The week of the Salone is a time of pure optimism. Everyone showing the fruits of a year of work. Everyone discussing and thinking about the future of design. Sometimes in a positive light, other times negative. But apart from the design exhibitions and products presented, for me the Salone is a clarification of the state of the discipline: for a few days, there’s a freeze frame between the current state of design and what we want it to become.

The 5 most important pieces in the 2014 edition? You can include one of your own.

Patrizia Urquiola, Shimmer side table for Glas. Simple form, beautiful dichroic effect on the glass.

Philippe Starck, Masters chair for Kartell. Bling and glam.

Konstantin Grcic, the installation for FLOS in Corso Monforte at the Fuori Salone. Beautiful vision of a future where everything works, where everything is well designed. Suddenly our planet seems healthy and there’s no sign of the usual negative vision. If only it were so!

Just 3 pieces… but obviously I also liked my own Crack tables for Glas. The technological possibilities of this company are always magical.


Interesting places relative to design, architecture or interiors in your home city, or in other cities particularly dear to you?

San Francisco – Una pizza napoletana (11th Street): very theatrical, with a wood oven clad in gold mosaic in the middle of a big industrial loft. A spotlight hits the oven and that’s it, just simple tables around it. And the pizza is delicious.

San Francisco – The Dzine showroom (Utah Street): extremely well curated, always elegant, it features mostly Italian design, not just production pieces but also lots of one-offs.

San Francisco – The Blue Bottle Coffee (Broadway – Oakland, Bay Area): a large open space with the barista and the technology of the coffee machines in full view, situated in an old car showroom with a glass façade and really high ceilings. Very little separation from the customer. Seating around an immense round table or at a high bar. A very special place, an instant classic.

Jun 30, 2014

iSaloni Milestones. 1966, Richard Schultz for Knoll International

2.-knoll1966. The collection that marked the destiny of outdoor furniture.

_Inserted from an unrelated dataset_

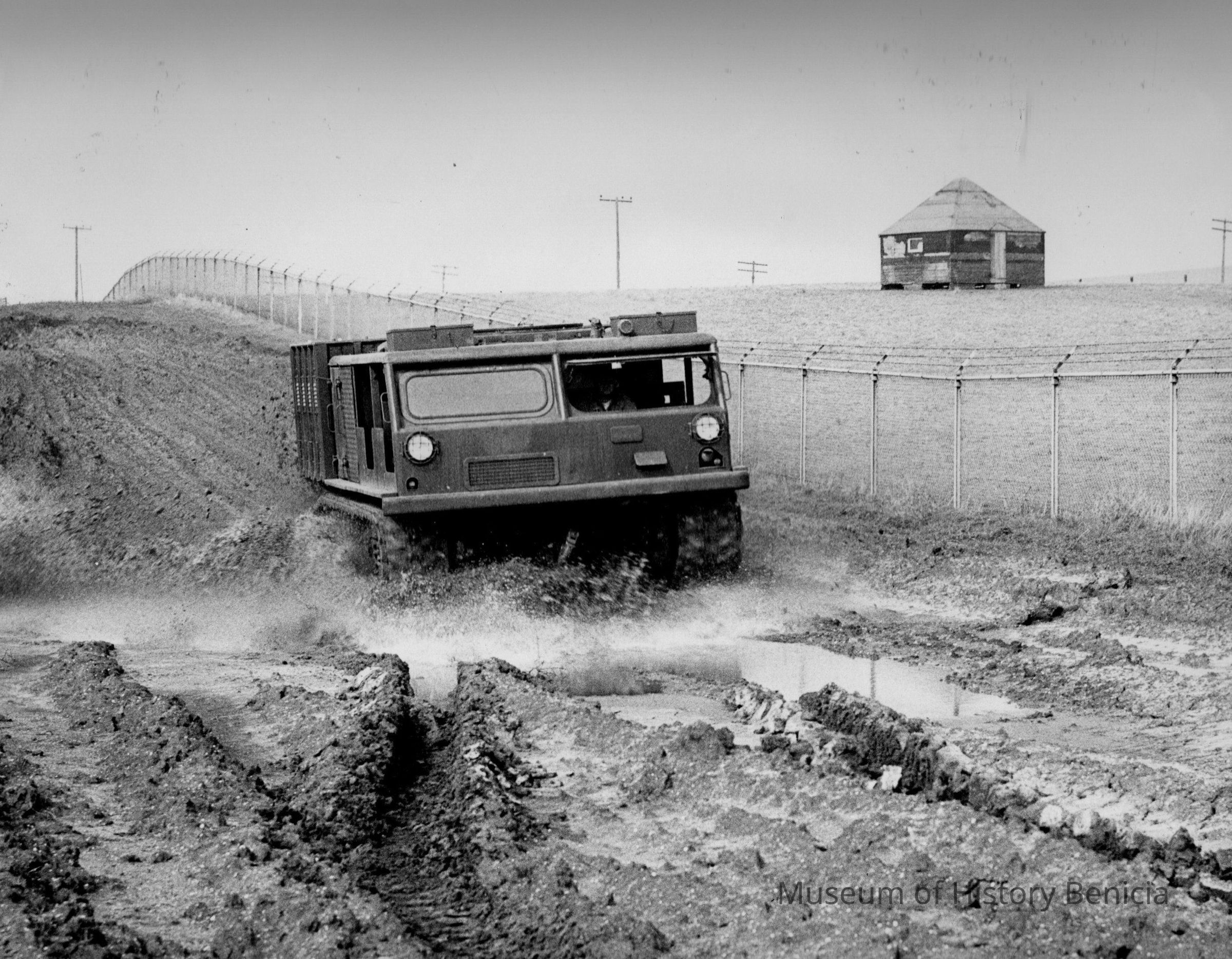 Written on back: "Testing equipment at Benicia Arsenal prior to shipment overseas." U. S. Army photograph stamp also on back. B/W photo.Collection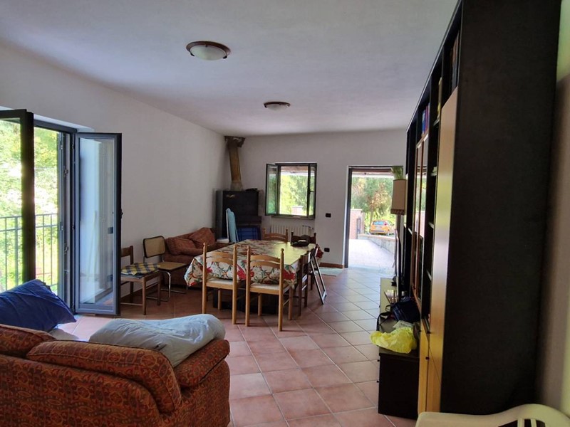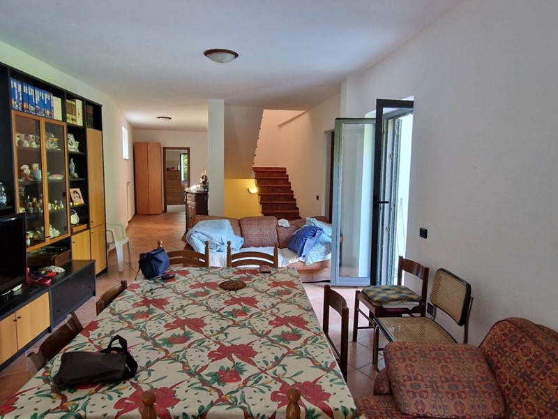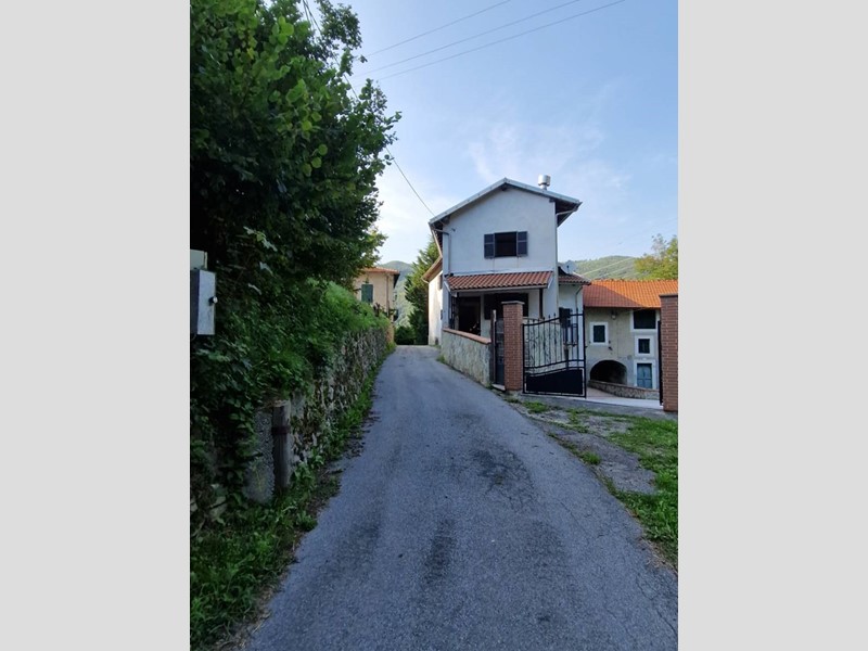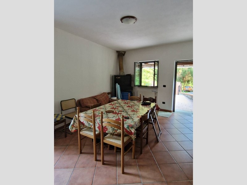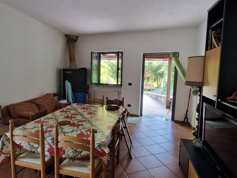 In una piccola borgata immersa nel verde, non distante dal centro e comoda alla strada principale, villetta semindipendente libera da tre lati, con ampio terreno circostante.

In the world of furniture design it is usually difficult to trace exact paternities.

With outdoor, however, it’s different. This sector has undergone incredible evolutions in the past decade, and its father is certain – yet in the end not very well known. We’re talking about American designer Richard Schultz, born in 1926.

Richard started working for Knoll in 1951, collaborating with the famous Harry Bertoia, and in 1966 designed an outdoor collection that would change the destiny of this product category: ‘1966’, a series that takes its name from the year of its creation.

Metal profiles, rigorously white and skeletal, of seats in netting, and where necessary consummately elegant wheels combine to form a timeless icon, liberating outdoor furniture, with a single product, from the slavery of the Victorian bench, garden gnomes and wicker.

It’s impossible to imagine the recent outdoor projects of Jasper Morrison for Kettal, of Antonio Citterio for B&B Italia, of Van Duysen for Tribù without citing the work of Richard Schultz.

Jun 23, 2014

iSaloni News. Francesca Molteni and Davide Pizzigoni win the PIDA DESIGN PRIZE 2014

0.-vincitoriThe two curators of the multimedia exhibition ‘Where architects live‘ are the winners of the award given by the jury of PIDA (Ischia International Architecture Prize) for significant contributions to the world of design.

The installation was presented at the Salone del Mobile 2014: the private rooms of eight of the world’s most authoritative exponents of international architecture were opened to the public in an examination of the culture of habitation through videos, images, sounds, accounts and live reenactments.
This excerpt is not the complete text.